The Collapse of Capitalism and I am not a Cat
A Reflection, in both ordinary and intellectual terms, refers to a return, a turning back that allows deeper understanding of the forces at play. This essay is a reflection on capitalism itself—its motion, contradictions, and unfolding crisis, particularly as experienced in Africa and other oppressed regions of the world. The unfolding crisis is a structural necessity to aid the forces at play to exercise their greed while controlling and manipulating the masses and other forces of nature. These actions have set in motion the inevitable collapse of capitalism, and through this reflection it confirms I am not a Cat.
In Capital, Volume II, Karl Marx describes the circuit of money capital as the process through which money transforms into commodities and back into money but in an expanded form. This cycle forms the foundation of capitalist production and accumulation.
- Stage 1 – Money to Commodities (M–C)
- Stage 2 – Production (P)
- Stage 3 – Commodities to Money (C–M′)
From the first stage we see that the monetary authorities — manufacturers of money as commodity — set the entire con game in motion by producing the first commodity needed for capitalism to transact, and that is money (physical and digital). The capitalist producer turns money into raw materials and labour into profitable commodities, and the cycle continues endlessly, feeding the engine of capitalism.
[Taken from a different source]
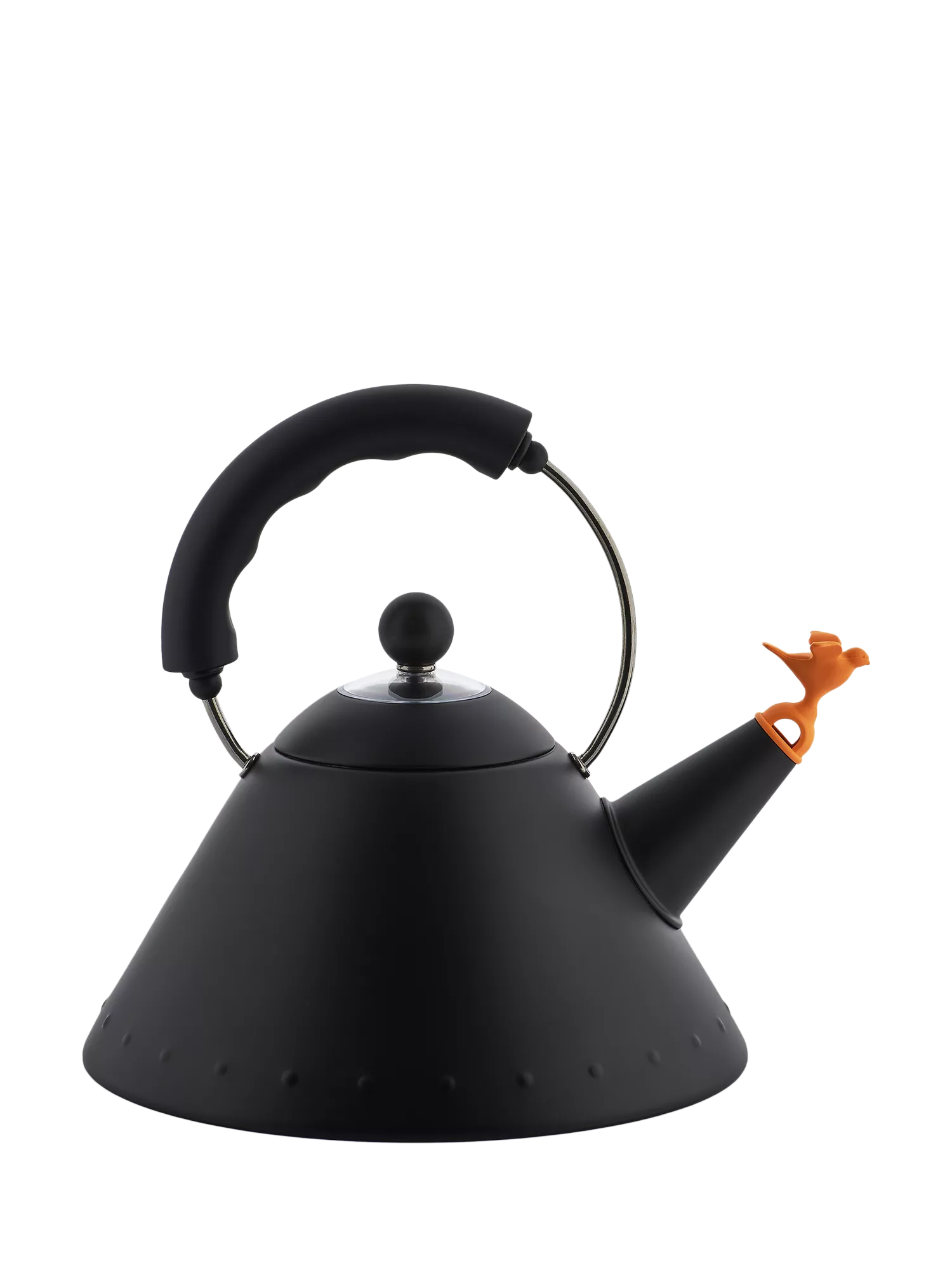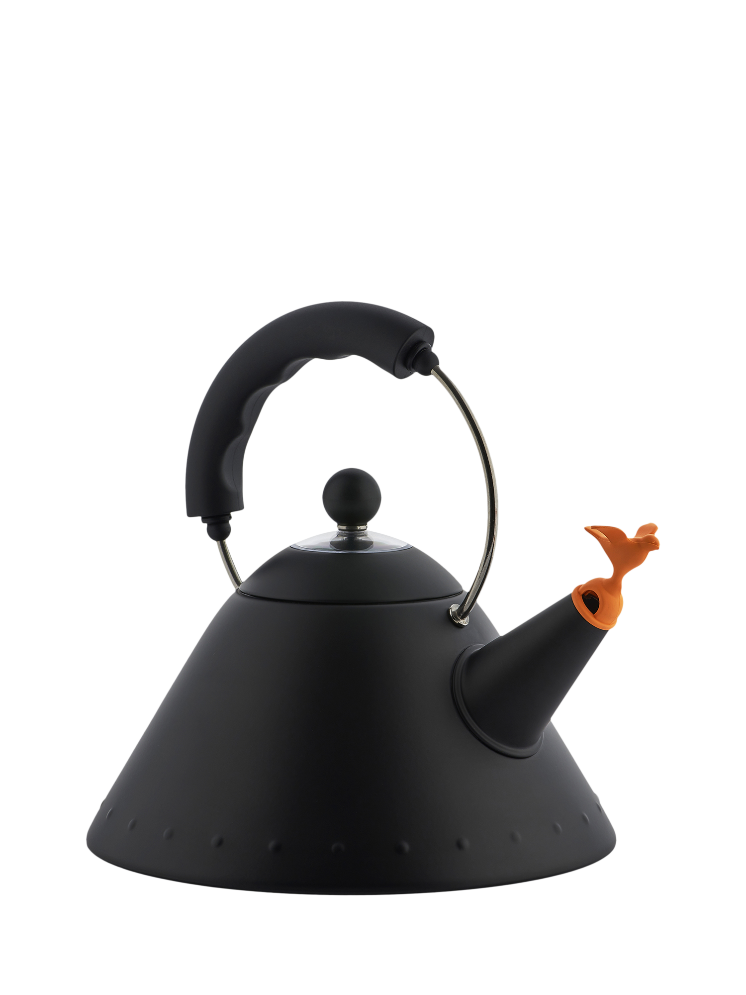 The 9093 kettle is one of the best-selling Alessi objects in the world. The design of this kettle, created by Michael Graves in 1985, combines influences from European Art, American Pop, and quotes from pre-Columbian cultures. It's a smart object, elegant, yet playful and fun: when the water starts boiling, the bird sings, evoking an inevitable smile.

In the second stage, the capitalist carries the greatest burden: the weight and work required to sustain capitalism. When this weight becomes too heavy, the manufacturer of money offers a solution: the sale of debt, distributed through banks and financial intermediaries — the modern wholesalers of the commodity called money. This is harshly experienced in Africa, as it is used as an experimenting ground for financial crises needed to stimulate the capitalist systems. This is seen by different IMF and World Bank policies shoved down the throats of Africans. When the producers in the second stage can no longer access credit from these institutions, they are driven to retail money markets — loan sharks and shylocks — where interest rates are crippling. In this way, the manufacturer of money distances themselves from the hardship of production, leaving the working producers and small capitalists to struggle. Only a few privileged actors receive bailouts when the system trembles. The rest are left to collapse under debt and competition. Thus, greed, favouritism, and impunity become the catalysts of capitalism's eventual downfall.
The third stage marks the fall-off of the capitalist con game. The manufacturer of money from stage one returns to the market as a seller. The capitalist of stage two, who once produced and laboured, now becomes the buyer — trapped in the same system he helped sustain. Money, therefore, is produced as the means through which wealth, accumulated from production and the value added by labour, is transformed and preserved. This transformation is inevitable because capitalists must keep their wealth in motion: to move, liquidate, or save it through monetary form. This reveals a profound truth: no one, except the producer of money itself — the Federal Reserve, the IMF, and the World Bank — is financially secure. Producers and peasants alike remain at the mercy of those who control the creation and circulation of money.
Even the most disciplined and "honest" capitalist cannot escape the distortions, crises, and uncertainties embedded in this system.
As Kate Raworth argues in Doughnut Economics, mainstream economics remains fixated on perpetual growth, ignoring the ecological and social boundaries of our finite world. Her intervention resonates strongly with African realities, where growth has often meant extraction without social justice or ecological repair.
Marx's circuit of money capital exposes the self-reinforcing loop of capitalist production: money creates commodities, commodities create more money, and the cycle repeats until the limits of the real world intervene. But this cannot grow forever on a finite planet. If such endless growth were possible, it would defy nature itself, at which point I might as well claim that I am a cat. This leads to one realisation:
Dunia Moja. Dunia Huru. Dunia ya KIJAMAA. Viva Socialism. Viva.